Required action | Write out again, please, the records below from the first line to the line holding "This sporty volleyball", inclusive, and nothing else.

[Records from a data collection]
•••
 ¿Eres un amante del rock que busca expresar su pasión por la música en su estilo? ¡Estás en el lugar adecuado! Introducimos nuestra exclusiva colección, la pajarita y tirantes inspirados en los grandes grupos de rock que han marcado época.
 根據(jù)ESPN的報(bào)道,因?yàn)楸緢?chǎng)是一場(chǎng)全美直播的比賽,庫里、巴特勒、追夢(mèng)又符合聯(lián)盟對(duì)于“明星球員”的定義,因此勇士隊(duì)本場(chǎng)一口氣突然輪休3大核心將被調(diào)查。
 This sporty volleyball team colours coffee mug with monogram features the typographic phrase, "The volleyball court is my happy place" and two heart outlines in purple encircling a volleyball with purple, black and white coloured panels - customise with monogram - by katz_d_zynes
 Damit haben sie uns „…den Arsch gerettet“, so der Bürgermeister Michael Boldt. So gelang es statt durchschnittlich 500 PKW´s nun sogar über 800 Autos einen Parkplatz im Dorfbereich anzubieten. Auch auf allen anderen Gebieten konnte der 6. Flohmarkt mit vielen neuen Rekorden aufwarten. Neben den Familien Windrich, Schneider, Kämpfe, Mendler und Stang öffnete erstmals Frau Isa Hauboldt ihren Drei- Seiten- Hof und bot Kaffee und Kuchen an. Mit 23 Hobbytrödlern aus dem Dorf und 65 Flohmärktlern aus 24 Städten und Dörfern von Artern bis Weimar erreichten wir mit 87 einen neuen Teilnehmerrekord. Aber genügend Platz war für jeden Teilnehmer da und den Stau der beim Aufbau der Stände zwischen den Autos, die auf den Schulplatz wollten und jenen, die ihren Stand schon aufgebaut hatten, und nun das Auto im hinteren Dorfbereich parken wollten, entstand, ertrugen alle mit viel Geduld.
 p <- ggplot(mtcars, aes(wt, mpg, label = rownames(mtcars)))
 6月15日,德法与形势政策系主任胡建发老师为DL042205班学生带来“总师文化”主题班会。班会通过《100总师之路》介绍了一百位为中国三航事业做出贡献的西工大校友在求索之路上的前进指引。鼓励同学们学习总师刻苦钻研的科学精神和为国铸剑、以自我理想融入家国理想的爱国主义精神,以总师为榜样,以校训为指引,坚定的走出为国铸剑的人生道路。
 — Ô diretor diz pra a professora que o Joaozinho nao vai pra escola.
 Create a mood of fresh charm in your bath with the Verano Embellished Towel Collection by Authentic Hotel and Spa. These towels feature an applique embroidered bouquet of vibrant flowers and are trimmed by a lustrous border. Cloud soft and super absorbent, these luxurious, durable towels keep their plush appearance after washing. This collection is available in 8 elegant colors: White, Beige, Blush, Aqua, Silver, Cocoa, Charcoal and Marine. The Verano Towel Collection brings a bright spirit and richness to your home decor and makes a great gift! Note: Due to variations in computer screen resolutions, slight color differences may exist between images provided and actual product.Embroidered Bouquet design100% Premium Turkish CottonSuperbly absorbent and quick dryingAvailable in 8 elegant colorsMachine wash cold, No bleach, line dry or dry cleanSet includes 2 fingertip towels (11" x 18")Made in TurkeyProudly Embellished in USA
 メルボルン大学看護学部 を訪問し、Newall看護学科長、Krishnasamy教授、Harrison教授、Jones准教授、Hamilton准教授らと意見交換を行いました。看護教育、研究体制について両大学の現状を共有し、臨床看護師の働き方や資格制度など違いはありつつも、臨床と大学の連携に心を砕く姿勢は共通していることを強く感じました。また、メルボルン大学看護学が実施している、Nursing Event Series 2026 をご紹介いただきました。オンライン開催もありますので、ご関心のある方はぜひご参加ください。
•••
Written reply |
 ¿Eres un amante del rock que busca expresar su pasión por la música en su estilo? ¡Estás en el lugar adecuado! Introducimos nuestra exclusiva colección, la pajarita y tirantes inspirados en los grandes grupos de rock que han marcado época.
 根據(jù)ESPN的報(bào)道,因?yàn)楸緢?chǎng)是一場(chǎng)全美直播的比賽,庫里、巴特勒、追夢(mèng)又符合聯(lián)盟對(duì)于“明星球員”的定義,因此勇士隊(duì)本場(chǎng)一口氣突然輪休3大核心將被調(diào)查。
 This sporty volleyball team colours coffee mug with monogram features the typographic phrase, "The volleyball court is my happy place" and two heart outlines in purple encircling a volleyball with purple, black and white coloured panels - customise with monogram - by katz_d_zynes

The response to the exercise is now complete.